Le transfert de matière dépend également d’une autre propriété : la diffusivité. Elle augmente avec la température mais diminue pour une élévation de pression, entraînant ainsi une augmentation de la densité qui limite le transfert de matière. Par ailleurs, en raison de leur faible viscosité et de leur diffusivité plus élevée que celles les liquides, les fluides supercritiques présentent un bon intérêt pour des applications telles que l’extraction, le traitement des solides (imprégnation et micronisation), les synthèses organiques et la chromatographie. En raison d’une densité élevée, les fluides supercritiques favorisent la solubilisation d’une solution de par les interactions solvant-soluté dues à la proximité des molécules. Ainsi, en influant sur les conditions de pression et de température, on parvient à adapter le pouvoir solvant des fluides supercritiques en fonction de l’opération envisagée.

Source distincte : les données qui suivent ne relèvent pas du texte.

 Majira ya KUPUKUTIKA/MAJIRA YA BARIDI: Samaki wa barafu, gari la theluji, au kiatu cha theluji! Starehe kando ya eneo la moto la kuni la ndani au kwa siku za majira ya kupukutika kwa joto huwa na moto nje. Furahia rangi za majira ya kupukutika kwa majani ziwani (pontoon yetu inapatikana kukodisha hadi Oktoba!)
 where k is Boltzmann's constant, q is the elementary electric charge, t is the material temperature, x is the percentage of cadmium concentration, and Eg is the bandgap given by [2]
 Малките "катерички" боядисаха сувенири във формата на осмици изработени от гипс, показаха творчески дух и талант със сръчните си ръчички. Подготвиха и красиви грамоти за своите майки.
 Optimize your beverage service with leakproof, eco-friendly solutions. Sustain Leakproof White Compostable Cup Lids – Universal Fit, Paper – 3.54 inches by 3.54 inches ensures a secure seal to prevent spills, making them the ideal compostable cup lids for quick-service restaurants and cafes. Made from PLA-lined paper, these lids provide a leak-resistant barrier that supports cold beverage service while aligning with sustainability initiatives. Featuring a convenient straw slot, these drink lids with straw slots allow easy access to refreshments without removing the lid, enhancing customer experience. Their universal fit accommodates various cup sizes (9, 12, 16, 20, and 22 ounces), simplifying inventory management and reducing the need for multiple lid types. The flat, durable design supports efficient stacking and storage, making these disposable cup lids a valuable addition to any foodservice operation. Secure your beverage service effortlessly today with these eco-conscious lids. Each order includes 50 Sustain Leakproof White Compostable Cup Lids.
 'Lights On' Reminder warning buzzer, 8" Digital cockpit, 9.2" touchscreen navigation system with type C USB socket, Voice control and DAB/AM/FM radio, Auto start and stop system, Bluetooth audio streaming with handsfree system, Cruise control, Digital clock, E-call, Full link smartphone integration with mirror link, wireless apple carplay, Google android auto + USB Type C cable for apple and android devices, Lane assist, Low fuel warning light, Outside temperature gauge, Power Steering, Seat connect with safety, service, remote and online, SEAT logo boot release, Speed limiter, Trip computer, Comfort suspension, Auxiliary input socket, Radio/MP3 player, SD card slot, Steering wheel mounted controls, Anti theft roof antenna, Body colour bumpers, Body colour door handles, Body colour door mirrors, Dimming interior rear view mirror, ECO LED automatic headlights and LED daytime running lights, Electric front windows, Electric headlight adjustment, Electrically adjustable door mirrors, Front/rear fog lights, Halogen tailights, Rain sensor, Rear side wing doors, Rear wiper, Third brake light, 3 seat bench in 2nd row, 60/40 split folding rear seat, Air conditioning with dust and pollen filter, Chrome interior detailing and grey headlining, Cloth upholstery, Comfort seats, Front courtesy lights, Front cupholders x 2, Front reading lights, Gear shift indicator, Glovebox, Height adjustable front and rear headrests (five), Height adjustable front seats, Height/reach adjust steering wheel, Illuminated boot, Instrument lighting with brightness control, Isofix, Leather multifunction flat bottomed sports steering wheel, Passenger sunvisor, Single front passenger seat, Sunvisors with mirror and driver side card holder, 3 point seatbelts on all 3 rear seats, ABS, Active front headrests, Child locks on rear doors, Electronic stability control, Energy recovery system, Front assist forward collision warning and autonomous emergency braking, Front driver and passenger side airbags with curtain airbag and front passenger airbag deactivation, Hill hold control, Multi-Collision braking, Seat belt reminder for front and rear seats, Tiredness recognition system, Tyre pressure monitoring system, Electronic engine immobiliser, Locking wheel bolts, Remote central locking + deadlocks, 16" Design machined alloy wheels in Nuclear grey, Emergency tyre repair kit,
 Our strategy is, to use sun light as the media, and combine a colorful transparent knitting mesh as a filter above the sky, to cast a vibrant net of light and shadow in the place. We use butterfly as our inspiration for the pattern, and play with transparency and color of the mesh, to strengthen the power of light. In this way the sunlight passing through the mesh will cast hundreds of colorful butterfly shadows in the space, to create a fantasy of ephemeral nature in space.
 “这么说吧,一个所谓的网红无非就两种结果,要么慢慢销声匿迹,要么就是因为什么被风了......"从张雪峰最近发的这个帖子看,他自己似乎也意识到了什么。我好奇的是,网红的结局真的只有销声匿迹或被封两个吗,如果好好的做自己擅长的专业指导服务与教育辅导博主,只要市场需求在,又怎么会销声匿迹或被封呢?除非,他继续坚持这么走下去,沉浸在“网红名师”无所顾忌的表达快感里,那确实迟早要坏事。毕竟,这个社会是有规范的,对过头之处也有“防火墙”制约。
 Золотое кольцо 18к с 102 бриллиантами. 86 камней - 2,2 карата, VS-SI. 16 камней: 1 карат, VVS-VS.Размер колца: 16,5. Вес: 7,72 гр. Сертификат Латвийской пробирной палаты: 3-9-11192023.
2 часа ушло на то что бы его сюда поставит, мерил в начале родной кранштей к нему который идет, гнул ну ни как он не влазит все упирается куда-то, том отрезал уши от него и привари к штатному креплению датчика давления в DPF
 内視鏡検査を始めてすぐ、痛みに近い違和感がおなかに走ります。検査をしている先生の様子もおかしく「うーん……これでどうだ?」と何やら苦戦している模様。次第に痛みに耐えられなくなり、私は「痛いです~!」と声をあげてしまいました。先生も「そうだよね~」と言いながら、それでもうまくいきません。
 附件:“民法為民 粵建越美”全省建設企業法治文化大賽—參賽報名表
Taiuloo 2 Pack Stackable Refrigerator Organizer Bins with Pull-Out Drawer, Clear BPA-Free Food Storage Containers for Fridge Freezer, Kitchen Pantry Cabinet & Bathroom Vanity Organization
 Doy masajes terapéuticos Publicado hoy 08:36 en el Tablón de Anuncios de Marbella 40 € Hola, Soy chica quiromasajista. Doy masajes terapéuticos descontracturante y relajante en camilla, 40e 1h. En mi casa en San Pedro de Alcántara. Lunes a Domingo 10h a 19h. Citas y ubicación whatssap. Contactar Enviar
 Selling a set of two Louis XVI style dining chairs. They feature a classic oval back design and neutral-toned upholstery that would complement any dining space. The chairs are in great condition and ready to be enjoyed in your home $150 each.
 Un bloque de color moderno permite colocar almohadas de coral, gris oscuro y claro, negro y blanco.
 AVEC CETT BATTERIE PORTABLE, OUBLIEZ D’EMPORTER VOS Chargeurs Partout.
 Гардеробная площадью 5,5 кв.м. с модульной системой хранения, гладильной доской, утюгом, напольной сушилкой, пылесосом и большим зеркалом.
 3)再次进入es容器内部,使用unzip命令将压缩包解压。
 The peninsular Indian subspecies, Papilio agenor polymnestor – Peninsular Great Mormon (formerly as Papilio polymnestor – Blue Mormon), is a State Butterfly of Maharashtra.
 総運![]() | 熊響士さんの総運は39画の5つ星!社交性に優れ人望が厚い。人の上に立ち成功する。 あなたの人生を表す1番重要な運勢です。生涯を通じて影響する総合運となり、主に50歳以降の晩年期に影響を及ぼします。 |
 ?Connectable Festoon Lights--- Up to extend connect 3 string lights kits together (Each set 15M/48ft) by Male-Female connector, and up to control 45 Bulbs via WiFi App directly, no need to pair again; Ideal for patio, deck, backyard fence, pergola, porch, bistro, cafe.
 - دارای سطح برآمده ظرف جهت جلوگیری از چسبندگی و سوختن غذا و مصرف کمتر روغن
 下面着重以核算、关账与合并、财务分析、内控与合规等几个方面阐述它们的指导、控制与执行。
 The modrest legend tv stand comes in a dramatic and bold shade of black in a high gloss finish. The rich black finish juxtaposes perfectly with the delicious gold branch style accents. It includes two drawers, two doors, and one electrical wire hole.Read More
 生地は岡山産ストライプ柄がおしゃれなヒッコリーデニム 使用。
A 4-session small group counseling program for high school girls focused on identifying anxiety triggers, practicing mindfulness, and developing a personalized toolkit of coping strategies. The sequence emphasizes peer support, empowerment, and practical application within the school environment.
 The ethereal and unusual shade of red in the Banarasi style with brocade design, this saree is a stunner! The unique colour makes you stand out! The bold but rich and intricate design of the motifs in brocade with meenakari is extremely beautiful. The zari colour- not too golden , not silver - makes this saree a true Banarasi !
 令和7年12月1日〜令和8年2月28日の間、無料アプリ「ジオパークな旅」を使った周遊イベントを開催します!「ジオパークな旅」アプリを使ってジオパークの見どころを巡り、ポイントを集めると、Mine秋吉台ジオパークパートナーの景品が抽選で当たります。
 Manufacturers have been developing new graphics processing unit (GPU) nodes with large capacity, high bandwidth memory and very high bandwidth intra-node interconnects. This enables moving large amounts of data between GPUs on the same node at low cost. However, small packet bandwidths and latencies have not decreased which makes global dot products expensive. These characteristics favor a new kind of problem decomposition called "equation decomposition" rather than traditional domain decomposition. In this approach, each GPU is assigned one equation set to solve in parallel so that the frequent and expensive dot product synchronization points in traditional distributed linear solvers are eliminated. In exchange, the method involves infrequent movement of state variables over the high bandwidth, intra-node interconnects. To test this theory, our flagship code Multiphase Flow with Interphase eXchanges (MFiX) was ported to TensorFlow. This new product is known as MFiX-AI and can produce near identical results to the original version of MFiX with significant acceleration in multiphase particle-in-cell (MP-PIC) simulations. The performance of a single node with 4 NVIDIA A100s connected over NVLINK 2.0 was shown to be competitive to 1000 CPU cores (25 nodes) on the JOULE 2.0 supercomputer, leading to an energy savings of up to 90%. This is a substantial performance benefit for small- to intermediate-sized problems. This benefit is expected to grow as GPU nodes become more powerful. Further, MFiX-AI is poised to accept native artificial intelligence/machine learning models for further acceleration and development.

De plus, le pouvoir solvant dépend également de la nature chimique du soluté, caractérisée par la polarité, l’acidité, la volatilité et d’autres propriétés physico-chimiques. Dans le cas par exemple du CO2, en ajoutant un cosolvant polaire (acétone, méthanol, éthanol…), on parvient à modifier le pouvoir solvant du fluide supercritique et à améliorer la solubilité d’un soluté polaire (liquide ou solide) en phase supercritique. Cette technique est donc moins « propre » du fait que certains fluides supercritiques comme le CO2 perdent partiellement leur non-toxicité mais il s’avère que certains de ces co-solvants comme l’éthanol présentent une toxicité réduite.